What you need to do:
Below this line is a listing that includes pictures. Copy exactly, and only, the lines from the one containing "the online store." through the one containing "- Cửa đi 2 cánh"; the pictures do not go in the copy.

Recorded data:
- Opening Delimiter -

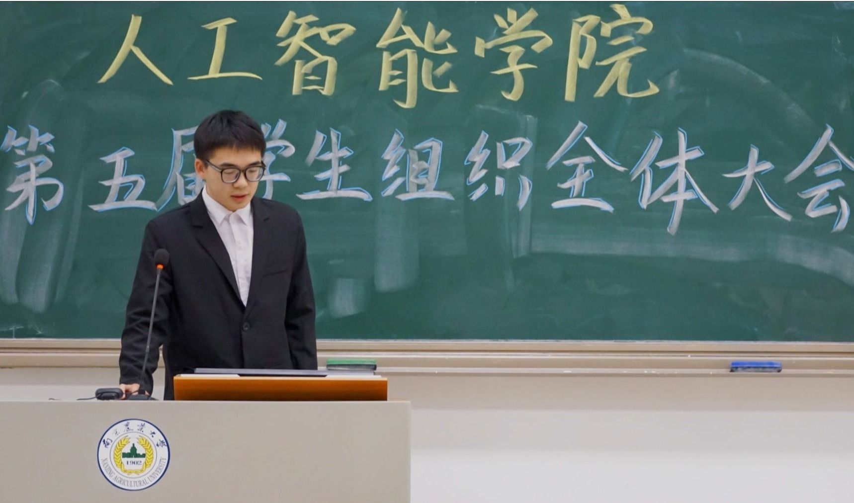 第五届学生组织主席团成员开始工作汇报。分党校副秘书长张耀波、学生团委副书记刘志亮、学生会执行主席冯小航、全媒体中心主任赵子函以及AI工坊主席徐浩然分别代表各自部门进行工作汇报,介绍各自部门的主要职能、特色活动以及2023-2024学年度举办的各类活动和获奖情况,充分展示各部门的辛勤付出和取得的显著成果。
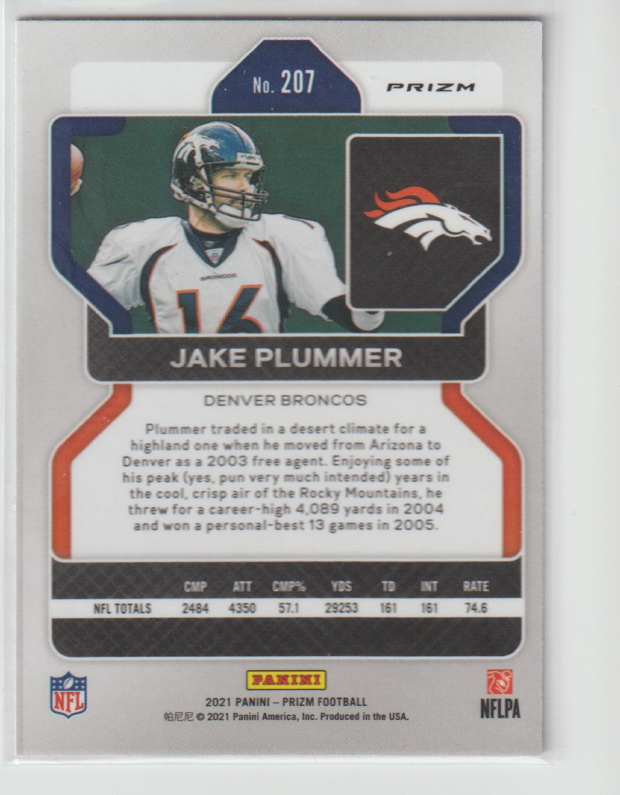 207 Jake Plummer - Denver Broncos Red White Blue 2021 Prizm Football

- Closing Delimiter -
- Opening Delimiter -

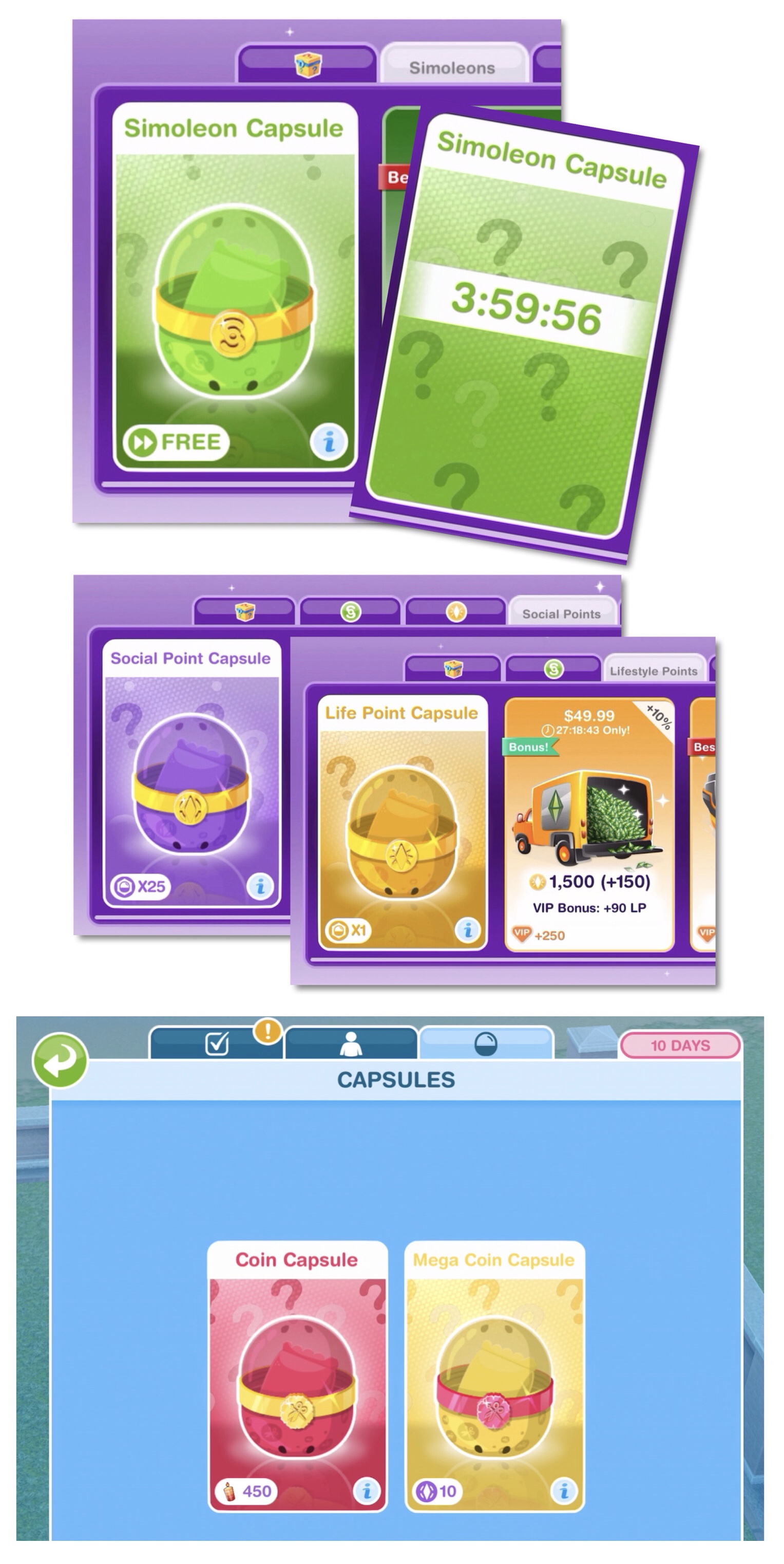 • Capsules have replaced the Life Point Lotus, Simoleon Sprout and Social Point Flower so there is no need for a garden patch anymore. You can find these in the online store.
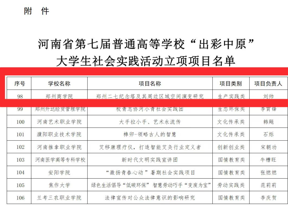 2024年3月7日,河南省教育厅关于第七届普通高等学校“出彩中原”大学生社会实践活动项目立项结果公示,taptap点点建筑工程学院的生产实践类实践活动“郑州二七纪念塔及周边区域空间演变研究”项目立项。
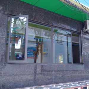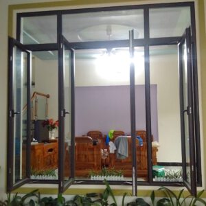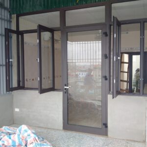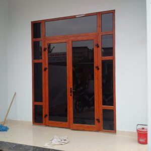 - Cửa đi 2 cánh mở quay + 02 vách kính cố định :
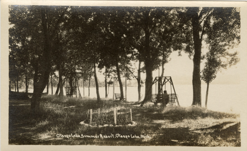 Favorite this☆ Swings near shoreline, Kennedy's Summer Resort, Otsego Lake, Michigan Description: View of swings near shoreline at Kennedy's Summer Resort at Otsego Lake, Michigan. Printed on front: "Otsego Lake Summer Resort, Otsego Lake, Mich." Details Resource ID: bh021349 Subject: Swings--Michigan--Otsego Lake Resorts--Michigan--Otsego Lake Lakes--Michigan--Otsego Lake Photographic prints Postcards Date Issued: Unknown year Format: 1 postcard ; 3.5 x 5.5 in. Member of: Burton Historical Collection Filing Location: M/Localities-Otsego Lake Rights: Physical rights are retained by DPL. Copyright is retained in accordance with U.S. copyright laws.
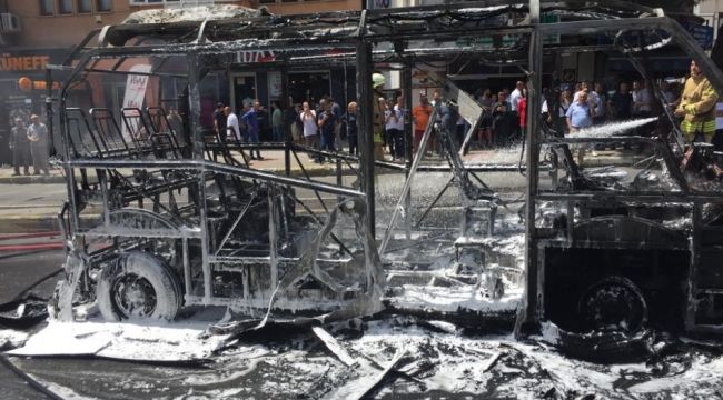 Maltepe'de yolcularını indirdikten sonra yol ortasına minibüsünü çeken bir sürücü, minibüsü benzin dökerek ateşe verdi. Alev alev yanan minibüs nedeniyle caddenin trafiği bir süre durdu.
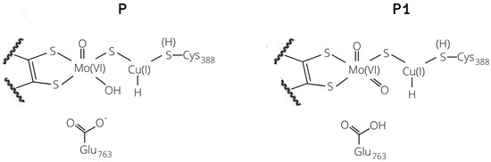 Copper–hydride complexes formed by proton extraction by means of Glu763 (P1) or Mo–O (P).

- Closing Delimiter -
- Opening Delimiter -

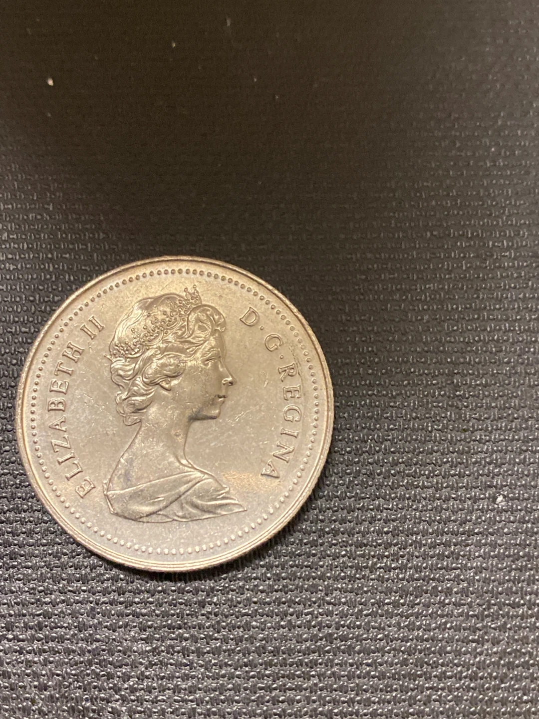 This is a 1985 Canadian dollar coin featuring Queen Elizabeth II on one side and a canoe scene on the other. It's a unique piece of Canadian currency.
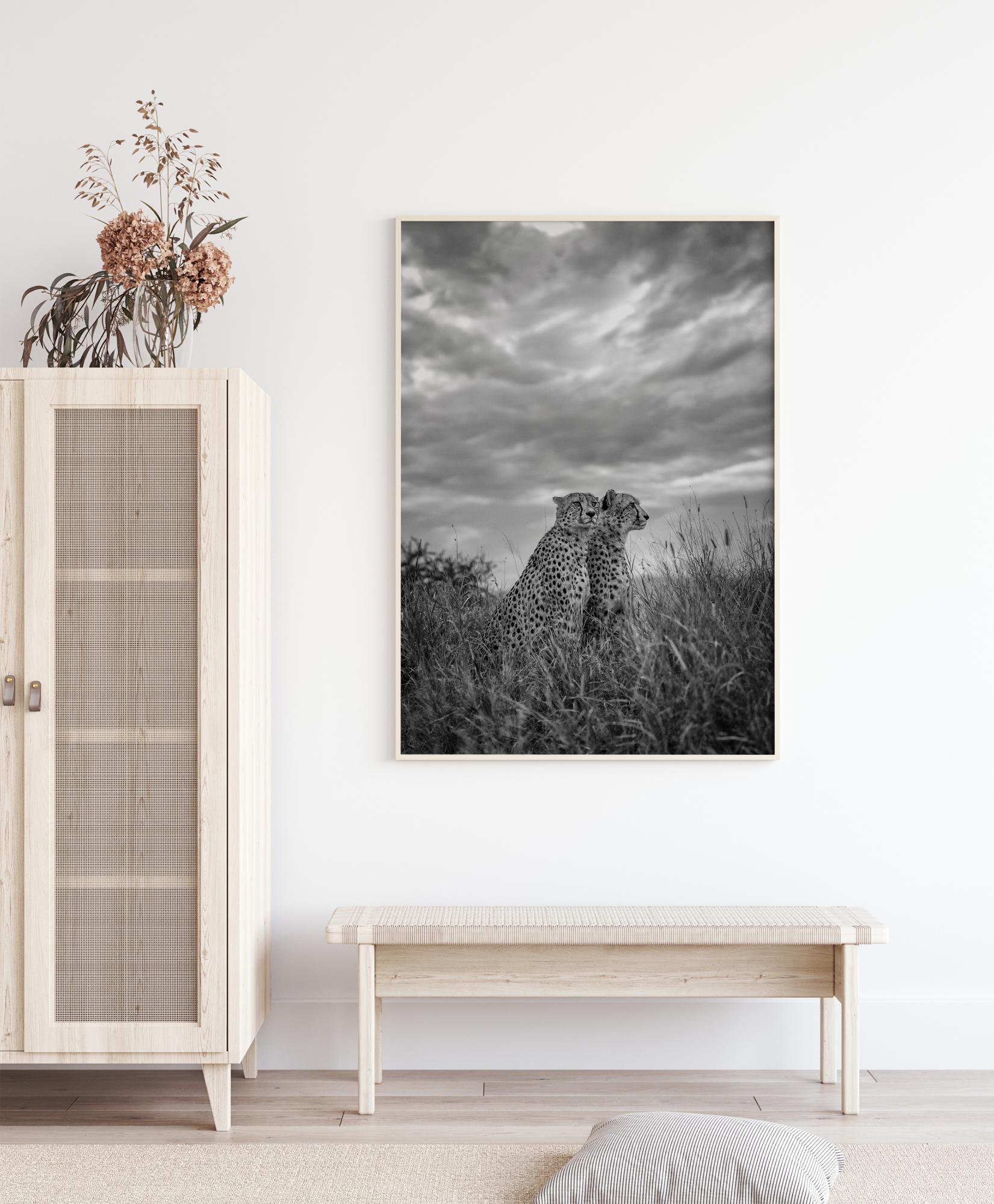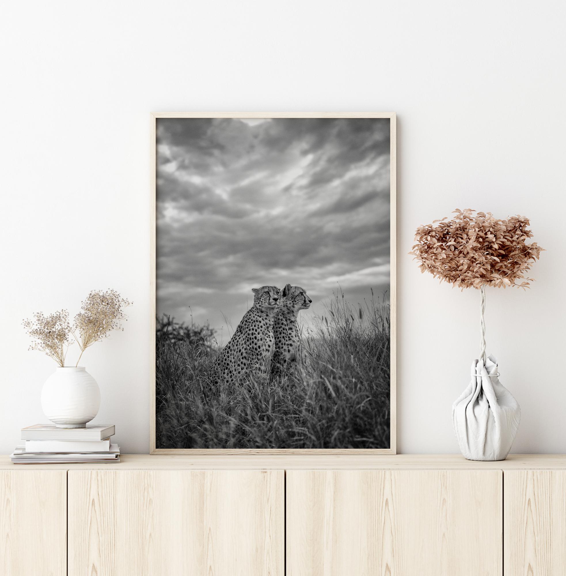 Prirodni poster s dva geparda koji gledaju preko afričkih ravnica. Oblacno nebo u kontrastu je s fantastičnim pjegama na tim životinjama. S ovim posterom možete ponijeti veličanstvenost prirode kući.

- Closing Delimiter -

Solution to this problem:
 • Capsules have replaced the Life Point Lotus, Simoleon Sprout and Social Point Flower so there is no need for a garden patch anymore. You can find these in the online store.
 2024年3月7日,河南省教育厅关于第七届普通高等学校“出彩中原”大学生社会实践活动项目立项结果公示,taptap点点建筑工程学院的生产实践类实践活动“郑州二七纪念塔及周边区域空间演变研究”项目立项。
 - Cửa đi 2 cánh mở quay + 02 vách kính cố định :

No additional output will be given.